▶ **INSTRUCTIONS TO FOLLOW**: Where a picture occurs in the data, omit it, and copy all remaining data exactly.

▶ **SOURCE DATA**:
▼

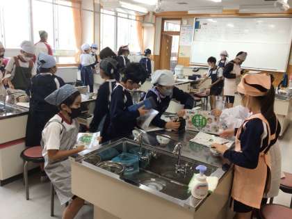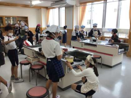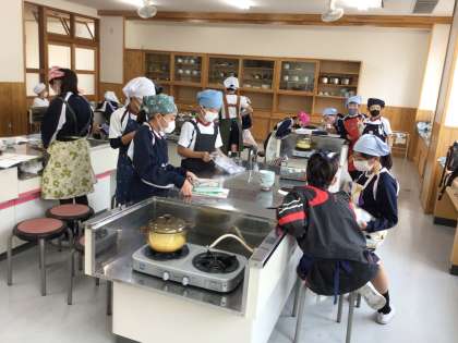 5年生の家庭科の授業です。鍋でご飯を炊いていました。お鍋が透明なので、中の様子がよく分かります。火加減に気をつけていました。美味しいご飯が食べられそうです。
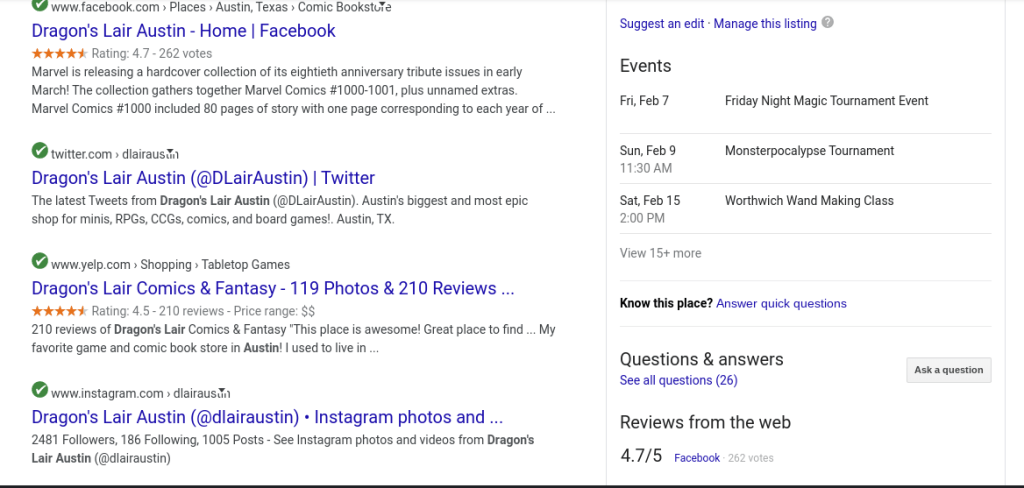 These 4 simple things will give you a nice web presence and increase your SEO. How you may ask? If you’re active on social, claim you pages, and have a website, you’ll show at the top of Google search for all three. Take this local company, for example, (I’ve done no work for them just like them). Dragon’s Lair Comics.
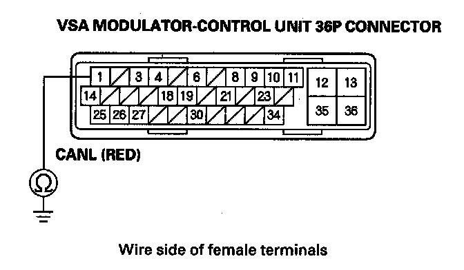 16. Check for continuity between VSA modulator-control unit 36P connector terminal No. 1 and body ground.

▲

▶ **ANSWER BOX**:
 5年生の家庭科の授業です。鍋でご飯を炊いていました。お鍋が透明なので、中の様子がよく分かります。火加減に気をつけていました。美味しいご飯が食べられそうです。
 These 4 simple things will give you a nice web presence and increase your SEO. How you may ask? If you’re active on social, claim you pages, and have a website, you’ll show at the top of Google search for all three. Take this local company, for example, (I’ve done no work for them just like them). Dragon’s Lair Comics.
 16. Check for continuity between VSA modulator-control unit 36P connector terminal No. 1 and body ground.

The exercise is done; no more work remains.